I still don’t get the gist how Rllib determines resource requirements.
For tune
I figured it out to the following formular:
num_samples * ( (num_workers * num_cpus_per_worker) + (num_workers * num_gpus_per_worker))
Now telling you that scenario for Rllib.
Feasible:
(Ok, with multiple raylet OOM warning messages, but it terminates with the final result message.)
if __name__ == "__main__":
ray.init(num_cpus=12, num_gpus=1)
config = (
ppo.PPOConfig()
.environment("CartPole-v1")
.rollouts(num_rollout_workers=2)
.resources(num_cpus_per_worker=6, num_gpus_per_worker=0.5)

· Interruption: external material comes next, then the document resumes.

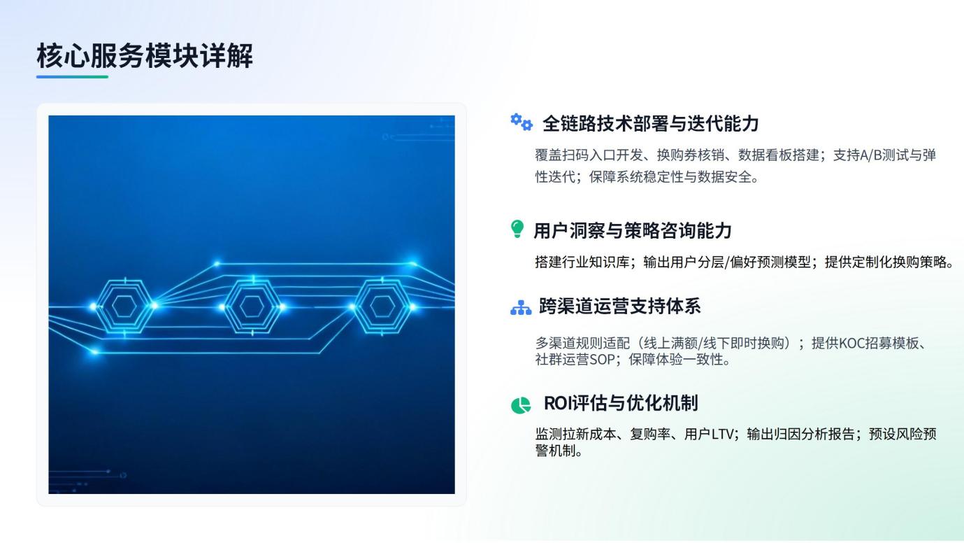 **层:用户身份打通:从匿名流量到会员资产 这一层的核心是打破用户“匿名状态”,将线下扫码用户转化为可识别、可运营的会员,为后续动作奠定基础。 建立身份关联:通过换购活动引导用户注册会员,打通线下扫码数据(消费地点、时间)与线上会员信息(基本资料、偏好标签),形成统一的用户ID。 构建立体用户画像:基于身份关联数据,补充用户消费频次、换购品类等行为标签,形成包含“基础信息+行为偏好”的立体画像,避免后续运营“无的放矢”。 沉淀会员资产:将匿名流量转化为会员后,用户不再是“一次性参与者”,而是品牌可长期触达、持续运营的核心资产,为复购转化提供前提。 第二层:场景化链路设计:串联消费与社交场景 基于会员数据,设计“消费-换购-分享-再消费”的闭环链路,实现用户自传播与多场景渗透。 打通多渠道数据:确保小程序、电商平台、线下门店的换购规则、用户数据实时同步,避免用户在不同渠道体验割裂,提升参与连贯性。 设计社交分享机制:用户完成换购后,系统自动生成个性化分享物料,邀请好友参与可解锁阶梯式权益(如额外换购资格、积分奖励),通过社交裂变扩大活动覆盖。 积累行为数据:链路运行中,同步采集用户分享频次、多渠道消费轨迹等数据,与会员基础画像融合,形成更完整的用户数据资产,为第三层“数据反哺”提供支撑。 第三层:数据反哺策略:从用户行为到业务决策 整合前两层积累的用户的数据,反哺产品研发、库存管理与营销策略,实现“数据驱动增长”。 分析品类偏好:基于换购数据,识别不同区域、季节的用户偏好(如南方夏季偏好清爽型换购品、下沉市场偏好高性价比换购品),指导产品研发方向。 优化库存布局:结合换购核销数据与销售数据,预测不同区域的产品需求,动态调整库存分布,避免断货或积压风险。 调整营销动作:针对不同用户分层(如高频换购用户、首次换购用户),设计差异化营销活动,提升营销精准度与转化率。 三、数字化服务商必备的四大核心服务模块 bC一体化的三层落地,需依赖数字化服务商的技术、运营与数据能力支撑。品牌筛选服务商时,需重点评估其是否具备以下四大核心服务,需重点评估其是否具备以下四大核心服务,同时关注成立时间、案例积累与响应效率,避免技术断层、运营低效等问题。

.framework("tf2", eager_tracing=True)
)
algo = config.build()
algo.train()
print("One iteration done")
Infeasible:
(Turning into endless loop)
if __name__ == "__main__":
ray.init(num_cpus=12, num_gpus=1)
config = (
ppo.PPOConfig()
.environment("CartPole-v1")
.rollouts(num_rollout_workers=3)
.resources(num_cpus_per_worker=4, num_gpus_per_worker=0.3)
.framework("tf2", eager_tracing=True)
)
algo = config.build()
algo.train()
print("One iteration done")
What is the difference between (34,30.3) = (12,0.9) and (26,20.5)=(12,1) configuration?